> EXERCISE DESCRIPTION
Below are records; extract exactly the lines from the one containing "We can see the" through the last, both included, and keep the pictures out.

• • • • •

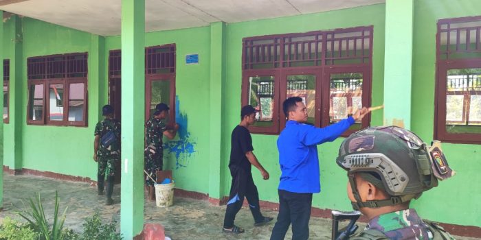 Sorsel – Satgas Pamtas RI-PNG Kewilayahan Papua Barat Daya Yonif 762/VYS Pos Johsiro dipimpin oleh Wadanpos Letda Inf Matheus Emmerich beserta 8 (Delapan) orang anggota melaksanakan kegiatan Bakti TNI yaitu Pengecatan Ruang Kelas SD Inpres 116 Johsiro di wilayah penugasan, bertempat Kampung Johsiro, Distrik Moswaren, Kabupaten Sorong Selatan. Selasa (13/08)
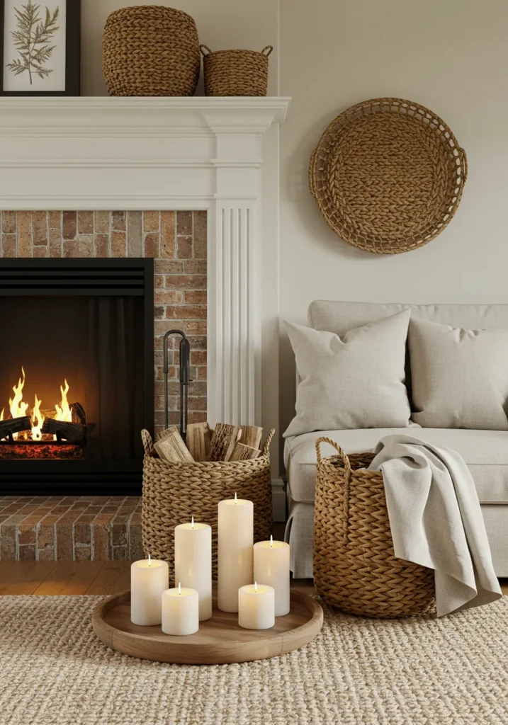 This serene fireplace setup proves that simplicity can be stunning. The woven baskets, linen cushions, and clusters of candles create a soft, inviting space filled with texture and light. The brick hearth adds just enough rustic character, while the neutral palette keeps the look calm and cohesive.
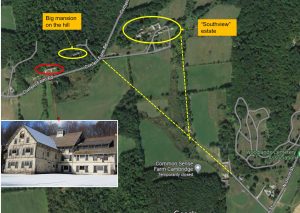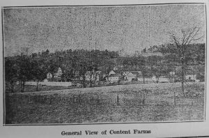 We can see the Content Farm “mansion on the hill” on the west side as you drive along Content Farm Rd. The other portion of the estate, named Southview, is on the other (the east) side of Content Farm Rd, back behind the trees, not really visible from the road. If you go to the top northwest corner of Woodlands Cemetery, poke through the trees, you can get a nice view of Southview if you bring your binoculars.
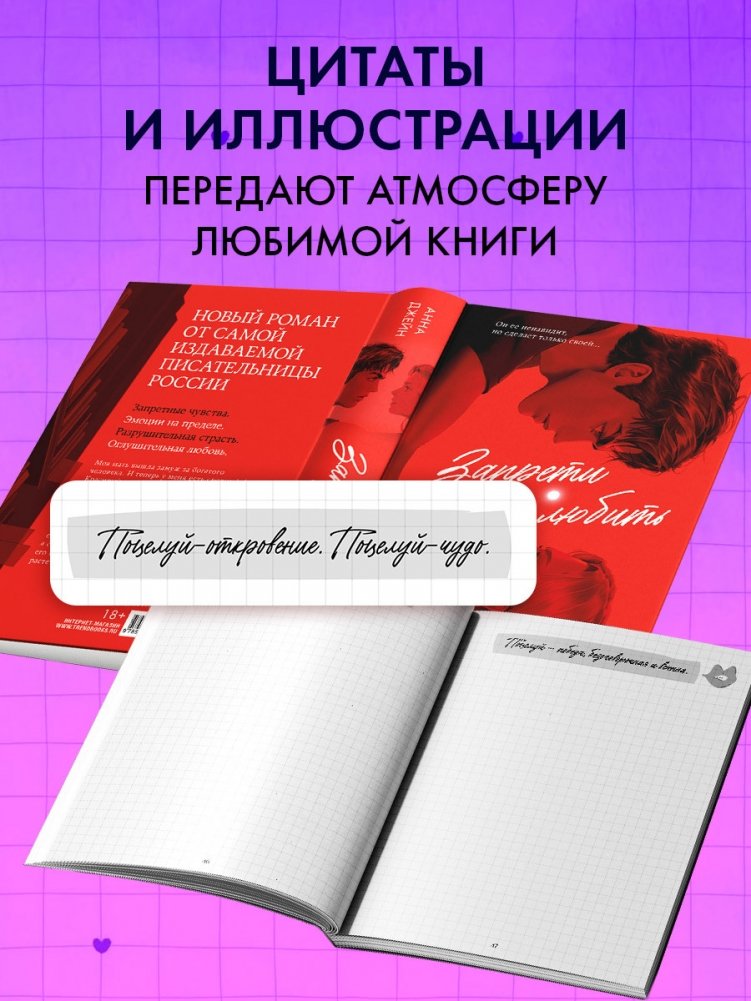 Блокнот с цитатами из романов Анны Джейн. Обложка "Запрети любить"
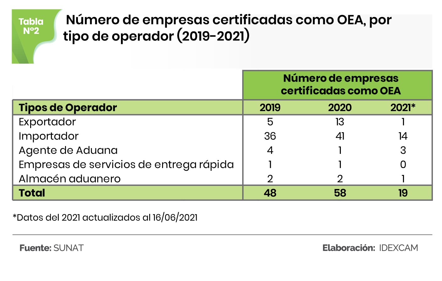 Por otro lado, según los datos de Sunat disponibles al 16 de junio del presente año, el número de empresas con certificación OEA, en lo que va del 2021, asciende a 19; siendo una empresa perteneciente al rubro exportador.
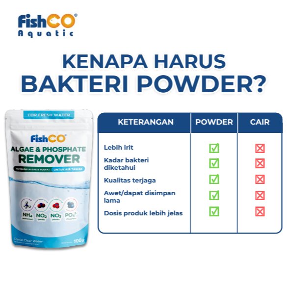 FISHCO Algae & Phosphate Remover for Fresh Water 100gr – Bakteri Pengurai Alga Aquarium Air Tawar

• • • • •

> COMPLETED TASK
 We can see the Content Farm “mansion on the hill” on the west side as you drive along Content Farm Rd. The other portion of the estate, named Southview, is on the other (the east) side of Content Farm Rd, back behind the trees, not really visible from the road. If you go to the top northwest corner of Woodlands Cemetery, poke through the trees, you can get a nice view of Southview if you bring your binoculars.
 Блокнот с цитатами из романов Анны Джейн. Обложка "Запрети любить"
 Por otro lado, según los datos de Sunat disponibles al 16 de junio del presente año, el número de empresas con certificación OEA, en lo que va del 2021, asciende a 19; siendo una empresa perteneciente al rubro exportador.
 FISHCO Algae & Phosphate Remover for Fresh Water 100gr – Bakteri Pengurai Alga Aquarium Air Tawar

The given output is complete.